Seja como for, a consagração da medida provocou, quase de imediato, viva reacção
crítica na doutrina nacional, dela merecendo epítetos como “estranha” (COUTINHO
DE ABREU, ob. loc. cit.), ou “absurdas” (RUI PINTO DUARTE, ob. cit., 145, em
referência às normas que a regulam: para além da norma sub judicio, o artigo
190.º do CIRE).
Mas, para lá das críticas que possa suscitar no plano do direito ordinário, será
que a norma da alínea b) do n.º 2 do artigo 189.º do CIRE está também ferida de
inconstitucionalidade?
6. Assim o entendeu o Acórdão n.º 564/2007, considerando que a disposição, ao
impor a inabilitação como efeito necessário da situação de insolvência culposa,
violava o artigo 18.º, n.º 2, e o artigo 26.º da Constituição, na parte em que
este último reconhece o direito à capacidade civil.
Para decidir em tal sentido, o mencionado Acórdão, depois de afastar a violação
de outros parâmetros constitucionais invocados pelo requerente, expendeu a
fundamentação que a seguir se transcreve:
«De facto, a inabilitação a que a insolvência pode conduzir só pode ser a
correspondente ao instituto jurídico civilístico com essa designação, previsto
nos artigos 152.º e seguintes do Código Civil – neste sentido, CARVALHO
FERNANDES, “A qualificação da insolvência e a administração da massa insolvente
pelo devedor”, Themis, ed. esp., 2005, 97. Trata-se, pois, de uma situação de
incapacidade de agir negocialmente, traduzindo a inaptidão para, por acto
exclusivo (sem carecer do consentimento de outrem), praticar “actos de
disposição de bens entre vivos e todos os que, em atenção às circunstâncias de
cada caso, forem especificados na sentença” (artigo 153.º, n.º 1, do Código
Civil).
Ora, o reconhecimento constitucional da capacidade civil, como decorrência
imediata da personalidade e da subjectividade jurídicas, cobre, tanto a
capacidade de gozo, como a capacidade de exercício ou de agir.

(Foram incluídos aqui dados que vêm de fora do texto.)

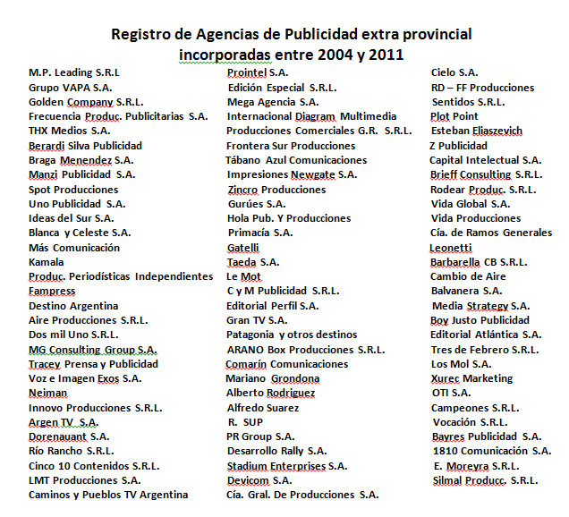 Entre las ochenta empresas incorporadas al Registro de Agencias de Publicidad figuran: Ideas del Sur S.A. – Marcelo Tinelli, Vida Producciones – Daniel Hadad, Braga Menendez S.A., Hola Producciones – Juan Mateiko, Esteban Eliaszevich, Balbanera S.A. – Federico Gelblung, Mariano Grondona, Dorenauant S.A. – Nelson Castro, y 1810 Comunicación S.A. cuyo titular es Enrique Gustavo Valenzuela Linage.

É certo que,
contrariamente à personalidade jurídica, a capacidade, em qualquer das suas duas
variantes, é algo de quantificável, um posse susceptível de gradações, de
detenção em maior ou menor medida. Mas a sua privação ou restrição, quando
afecte sujeitos que atingiram a maioridade, será sempre uma medida de carácter
excepcional, só justificada, pelo menos em primeira linha, pela protecção da
personalidade do incapaz. É “em homenagem aos interesses da própria pessoa
profunda” (ORLANDO DE CARVALHO, Teoria geral do direito civil, polic., Coimbra,
1981, 83), quando inabilitada, por razões atinentes à falta de atributos
pessoais, para uma autodeterminação autêntica na condução de vida e na gestão
dos seus interesses, que a incapacidade, em qualquer das suas formas, pode ser
decretada.
Daí que, para além do disposto no n.º 4 do artigo 26.º da Constituição, as
restrições à capacidade civil, incluindo a capacidade de agir, só sejam
legítimas quando os seus motivos forem “pertinentes e relevantes sob o ponto de
vista da capacidade da pessoa”, não podendo também a restrição “servir de pena
ou de efeito de pena” (GOMES CANOTILHO/VITAL MOREIRA, Constituição da República
Portuguesa anotada, 4.ª ed., Coimbra, 2007, 465).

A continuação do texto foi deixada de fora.